So far, however, in the table - the grid - there is still no sound value that could associate the resulting grammar with a specific language (our Russian substitutions do not count). These specific sound meanings should be obtained by substitution, trying grammatical endings of different languages. Properly found language, being a "key", will immediately open up the sound meanings of many of the characters that make up the words of a known language.

A. Kober pointed out the way in which in the process of systematic and painstaking searches one can come to the right result. Michael Ventris managed to go this way to the end.

Harris algorithm

An outstanding representative of American descriptive linguistics, Sellig Harris (1909-1992), developed an algorithm for dividing sentences into morphemes in an unfamiliar language. Usually, when you need to make out a word by its composition, we look for single-root words, that is, words that are similar not only in sound but also in meaning. Harris's algorithm is good in that it does not require an appeal to the meaning, because it is designed to work with an unknown language. However, the algorithm, of course, receives information about the language being studied - in the form of a large-scale source code from which a statement is selected for analysis. The text is not processed manually, but on a computer.

The idea behind the algorithm is simple and familiar to many in the game of "noodle." Players take turns making a word out of letters. The first letter can be any, with each subsequent choice is significantly reduced, and for the last usually there is only one option. A similar text is constructed in the same way. The uncertainty of the choice of a letter (the number of variants) gradually falls from the beginning to the end of a word and increases sharply at the boundaries of words.

So, in the source text (where words can be written without spaces, while Harris also has a phonetic transcription - he worked with unwritten Indian languages), he chooses a statement for analysis. It can be considered as a chain of letters or characters of transcription between points or pauses. In the first step, take the first letter of the statement and write out from the text all its combinations with other letters. For example, the following statement: At the output we get a new partition. After checking the entire text, they find out what is found in combinations: on, but, not, not, us, well, nn, nt, ns, nch, i.e. only ten different “successors” follow in the text.

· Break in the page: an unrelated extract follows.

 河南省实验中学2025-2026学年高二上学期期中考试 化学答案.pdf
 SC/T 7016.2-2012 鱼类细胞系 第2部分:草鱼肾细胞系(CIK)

In the second step, examine the letter combination on . He has the following continuations throughout the text: v, d, s, m, x, i, w, s, p, h, b, d ; total 12 "successors". In the third step, we examine the letter combination nav . Only four “successors” were revealed for him: s, o, and, c . This procedure is repeated until the end of the statement, adding one letter to the checked letter combination at each step. Results - the number of "successors" - are entered in the table:

n on nav skills ...
ten 12 four 2 ...

If the initial hypothesis is true that the diversity of letters is greater on the boundaries of words (morphemes) than inside the words (morphemes), then large numbers should indicate such boundaries — peaks of uncertainty. In this example, the greatest number is 12, after which the morpheme border is drawn.

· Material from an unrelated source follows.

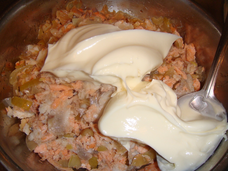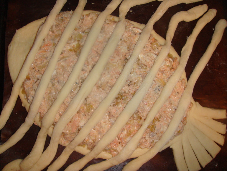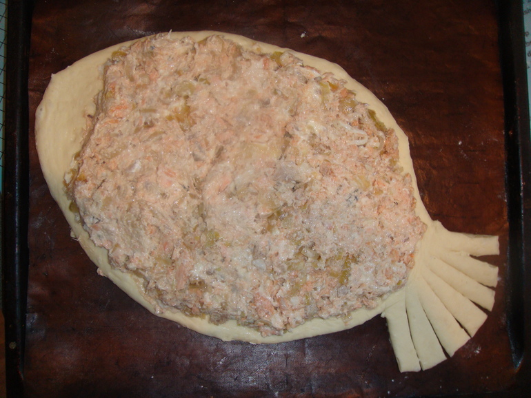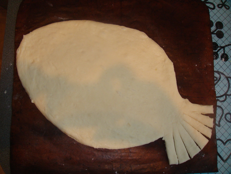 Готовое тесто разделить на 3 части. 2/3 раскатать и вырезать силуэт рыбы (сразу на противне):
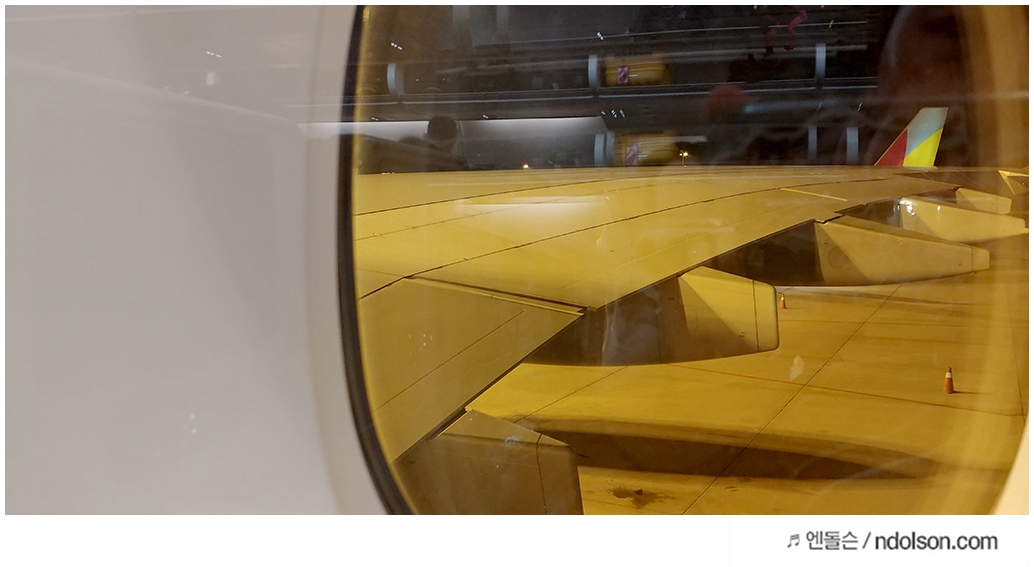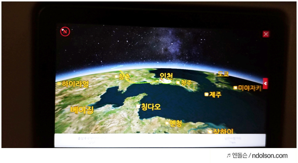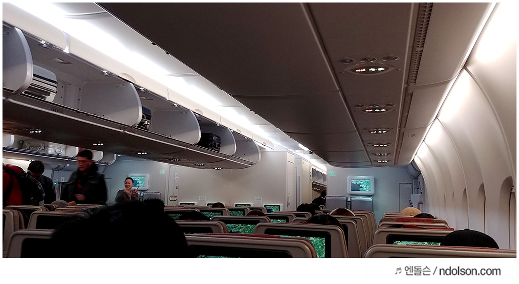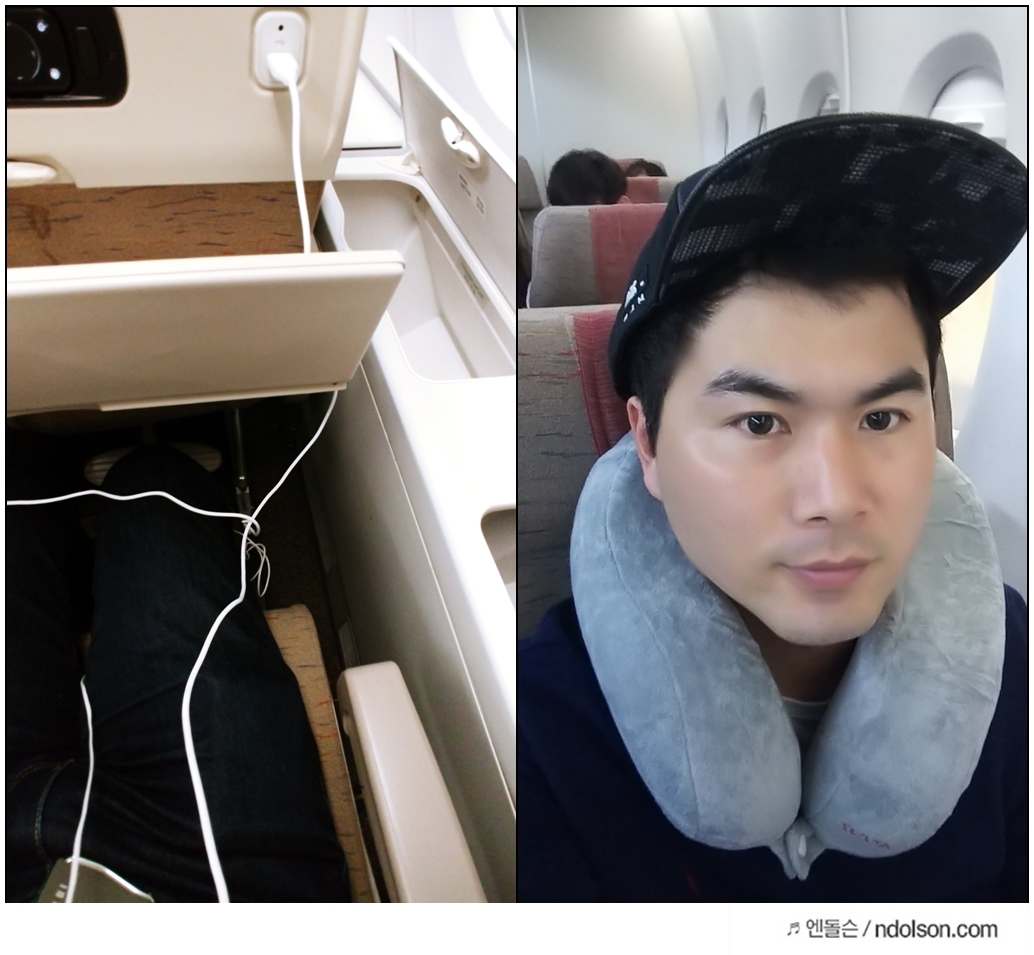 미국 가는 2층 비행기 안에서 촬영한 것인데요. 서울에서 미국까지 비행기 시간으로 13시간 55분이 걸리는 만큼 기내에서 목베개는 필수라고 할 수 있습니다.

To clarify the results of division into morphemes, the same procedure is done from the end of the statement, calculating the number of "predecessors" first of the last letter, then the last two, etc. After separating part of the word from the border, you can start the analysis procedure from the next starting point, in this case with the word exit.

The reliability of the result depends on the amount of text. Harris's algorithm was checked on 100 sentences of the English text, in 85% of cases the morphemes were correctly identified. True, the texts had to be taken in the transcription: English spelling noticeably lagged behind the development of the language itself.

You can read more about decryption of a message in various languages ​​...

Let us show a fragment of the mathematical model of the Russian language.

Language structure  The diameter of the message.  Shevoroshkin-Sukhotin algorithm.  Alice Kober grid.  Harris algorithm.  Text analysis.Language structure  The diameter of the message.  Shevoroshkin-Sukhotin algorithm.  Alice Kober grid.  Harris algorithm.  Text analysis.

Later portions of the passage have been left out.